Estamos em um bull market. Portanto, queremos manter exposição ao risco em renda variável. Isso não significa ignorar os sinais que o mercado nos oferece, nem deixar que os ciclos naturais do mercado passem sem ação. Em algum momento, um novo movimento de correção surgirá e será necessário reduzir o risco. Isso não quer dizer vender tudo e migrar 100% para caixa.
“Em um mercado de alta, você pode estar comprado ou neutro. Em um mercado de baixa, só pode estar neutro ou vendido.” – Dennis Gartman
O mercado, em algum momento, vai recuar — e provavelmente em breve. Durante essa correção, é provável que os preços se mantenham na faixa da média móvel de 50 dias, como já mencionamos. Pode ser uma correção mais intensa? Sim. O mercado está esticado e sobrecomprado, o que reforça a necessidade de os investidores fazerem gestão de risco e serem criteriosos antes de alocar mais recursos. Por outro lado, essa mesma correção deve ser encarada como uma oportunidade para aumentar a exposição em ações, desde que ela alivie os níveis atuais de estresse técnico.

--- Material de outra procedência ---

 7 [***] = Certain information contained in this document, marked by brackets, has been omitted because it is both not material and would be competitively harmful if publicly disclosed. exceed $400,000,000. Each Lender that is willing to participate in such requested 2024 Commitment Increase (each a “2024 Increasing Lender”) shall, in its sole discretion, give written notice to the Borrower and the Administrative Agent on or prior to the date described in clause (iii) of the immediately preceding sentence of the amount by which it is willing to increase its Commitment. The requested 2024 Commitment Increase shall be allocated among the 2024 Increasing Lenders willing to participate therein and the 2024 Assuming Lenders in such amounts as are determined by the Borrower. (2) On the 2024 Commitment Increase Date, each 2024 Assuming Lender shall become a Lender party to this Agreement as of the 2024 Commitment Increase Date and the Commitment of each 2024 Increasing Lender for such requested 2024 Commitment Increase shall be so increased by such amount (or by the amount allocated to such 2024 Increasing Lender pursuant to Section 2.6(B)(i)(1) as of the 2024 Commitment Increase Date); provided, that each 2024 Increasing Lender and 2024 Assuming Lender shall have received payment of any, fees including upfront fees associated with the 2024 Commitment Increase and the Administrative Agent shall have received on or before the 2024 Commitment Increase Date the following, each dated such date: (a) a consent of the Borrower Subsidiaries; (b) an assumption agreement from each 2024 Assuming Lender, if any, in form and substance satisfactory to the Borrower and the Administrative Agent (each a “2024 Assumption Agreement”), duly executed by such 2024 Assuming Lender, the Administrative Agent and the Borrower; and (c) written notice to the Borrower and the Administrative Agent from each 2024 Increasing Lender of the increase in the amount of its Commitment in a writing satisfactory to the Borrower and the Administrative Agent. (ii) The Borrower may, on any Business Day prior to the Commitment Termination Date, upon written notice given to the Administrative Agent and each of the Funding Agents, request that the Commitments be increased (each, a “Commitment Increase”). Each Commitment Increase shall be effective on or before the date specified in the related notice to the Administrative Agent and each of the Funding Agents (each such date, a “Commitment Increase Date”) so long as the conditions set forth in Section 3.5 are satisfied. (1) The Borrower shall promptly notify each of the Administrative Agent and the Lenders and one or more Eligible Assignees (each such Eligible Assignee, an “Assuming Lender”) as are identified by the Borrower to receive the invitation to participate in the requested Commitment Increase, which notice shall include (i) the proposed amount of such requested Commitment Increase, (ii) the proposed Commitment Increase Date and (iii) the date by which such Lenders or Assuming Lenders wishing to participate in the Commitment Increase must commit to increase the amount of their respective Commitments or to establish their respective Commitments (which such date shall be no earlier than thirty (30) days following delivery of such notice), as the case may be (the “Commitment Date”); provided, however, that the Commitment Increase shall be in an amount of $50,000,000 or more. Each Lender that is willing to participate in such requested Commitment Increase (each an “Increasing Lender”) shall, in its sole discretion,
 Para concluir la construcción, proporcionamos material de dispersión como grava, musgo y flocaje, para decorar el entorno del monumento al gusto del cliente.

“Estar disposto e ser capaz de manter recursos líquidos, aguardando oportunidades reais, é fundamental para o sucesso na batalha pela sobrevivência no mercado.” – Gerald Loeb
Como estamos operando nesse cenário
O gráfico a seguir utiliza dados semanais, o que o torna menos sensível a movimentos diários, mas extremamente útil para análise de risco de médio prazo. Desde a crise financeira de 2008, não faltaram previsões de colapso dos mercados, seja por conta das dívidas, dos déficits fiscais, do fim do dólar como moeda de reserva ou de outros fatores. Apesar disso, os investidores que mantiveram exposição em ações nos bons momentos e compraram durante as crises foram, sistematicamente, recompensados. Esse comportamento também explica por que os investidores de varejo estão hoje tão dispostos a “comprar os recuos” — eles foram condicionados a isso pelos sucessivos ciclos de recuperação.
Falando em mercado “imparável”, o gráfico mostra claramente a tendência de alta que se consolidou desde as mínimas de 2009. Nota-se que, quando o mercado ultrapassou o canal de tendência de longo prazo — impulsionado pela liquidez extrema dos estímulos monetários e fiscais —, a correção de 2022 serviu apenas para devolver os excessos, trazendo o mercado de volta à sua trajetória histórica de alta.
Os dois painéis inferiores mostram indicadores MACD de longo prazo. É possível observar como o excesso de liquidez elevou esses osciladores a níveis nunca antes registrados. Em função dessa extensão extrema, a correção subsequente foi, inclusive, mais intensa do que a registrada durante a crise de 2008. Agora, esses indicadores retornaram aos níveis tradicionalmente associados às mínimas de mercado. E, de forma crítica, nenhum deles sinaliza, neste momento, a necessidade de uma correção mais profunda que justifique uma redução drástica no risco de ações nos portfólios.
Embora existam inúmeras razões para se manter cauteloso diante do rali das últimas semanas, é necessário lembrar que os mercados podem permanecer irracionais por muito mais tempo do que se imagina. Com os sinais técnicos e de sentimento sugerindo que os riscos de curto prazo estão elevados, o mais prudente agora é usar esse momento de euforia para reequilibrar o risco dos portfólios.
Siga as regras e mantenha a disciplina.